Votre position, au plus près du terrain, est envieuse. De plus, vous êtes régulièrement visibles à la télévision…
C’est une forme de récompense. Mais derrière notre pupitre, nous restons neutres. Nous faisons partie du staff de l’EHF et nous sommes concentrés sur notre mission. À chaque passage TV, on reçoit des messages de nos amis qui nous demandent de sourire. Bon, on ne se voit pas forcément passer à la TV, nous sommes seulement concentrés.

Quelle est la répartition des tâches entre vous deux ?
Monique : je me concentre sur les aspects techniques, sur la fourniture des images.
Jean-Daniel : je m’occupe plutôt du terrain et du ressenti de la salle.

Est-ce parfois source de tension entre vous ?
Non, on ne peut pas s’engueuler là-dessus. Parfois, c’est le délai de fourniture des images, si nous le jugeons trop lent, qui anime le débat après le match. Nous avons en effet pour objectif de fournir les images aux arbitres le plus rapidement mais nous sommes tributaires des images de la TV.

La collaboration avec les arbitres et les délégués est-elle harmonieuse ?
Dans les premiers temps, nous avions observé une certaine défiance des arbitres. Ils pensaient qu’on les surveillait. Au fil du temps, les arbitres ont commencé à apprécier les outils d’aide à la décision. Désormais tout se passe avec les arbitres et les délégués.

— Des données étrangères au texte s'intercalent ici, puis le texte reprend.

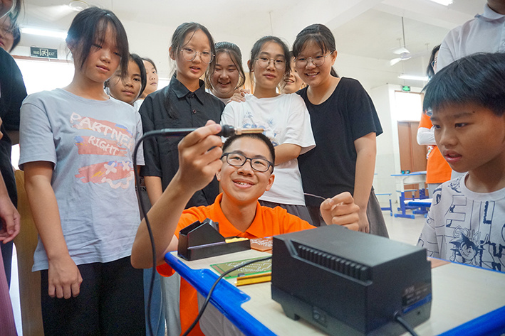 团委、学生会学生骨干组建的实践队走进福建省福州市闽侯县溪源江,对“溪源江流域—闽侯县—上街镇段河长制的推行情况”进行调研和分析,队员们采用河流分段采样法对上游、中游、下游三个区域进行取样,通过调查问卷和访谈相结合深入调研溪源江流域河长制的推行情况,了解相关部门针对农业污染和生活污水等问题采取的一系列积极措施及成效,同时实践队还与当地志愿者组织展开合作,让无人船移动在线监测系统对河流湖泊进行全面、实时的水质监测,为水资源管理提供科学依据。实践队申请“水质采样监测无人船操控系统”软著1件,“智慧河长巡河装置”实用新型专利1件并创作文创产品(河小禹T恤)1件,形成的《基于河长制推行情况的点差研究——以福建省福州市溪源江上街镇段为例》调研报告成果被闽侯县河长办公室采纳。实践活动得到学习强国、中华网,中国网、中国日报、中青校园、搜狐、网易等媒体报道。
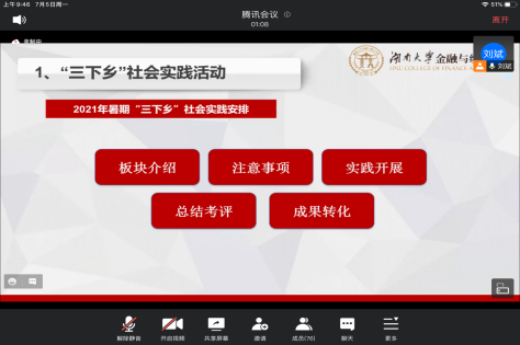 为顺利推进暑期社会实践活动开展,7月5日上午,365英国上市网站官网采取线上腾讯会议的形式举行2021年暑期社会实践活动动员培训会。学院党委副书记颜李,学院团委书记周斌、研究生辅导员刘斌以及“三下乡”暑期社会实践与专硕校友寻访活动的队伍负责人参加了本次会议。

Combien de fois avez-vous été sollicités lors du tour préliminaire à Trondheim ?
En moyenne, une ou deux fois par match. Il y a eu un cas atypique. Lors du match entre la France et la Bosnie-Herzégovine, il y avait un doute sur un but inscrit par Elohim Prandi. Mais, en réalité, son tir était passé au-dessus de la cage. Le but n’a pas été validé après consultation des images.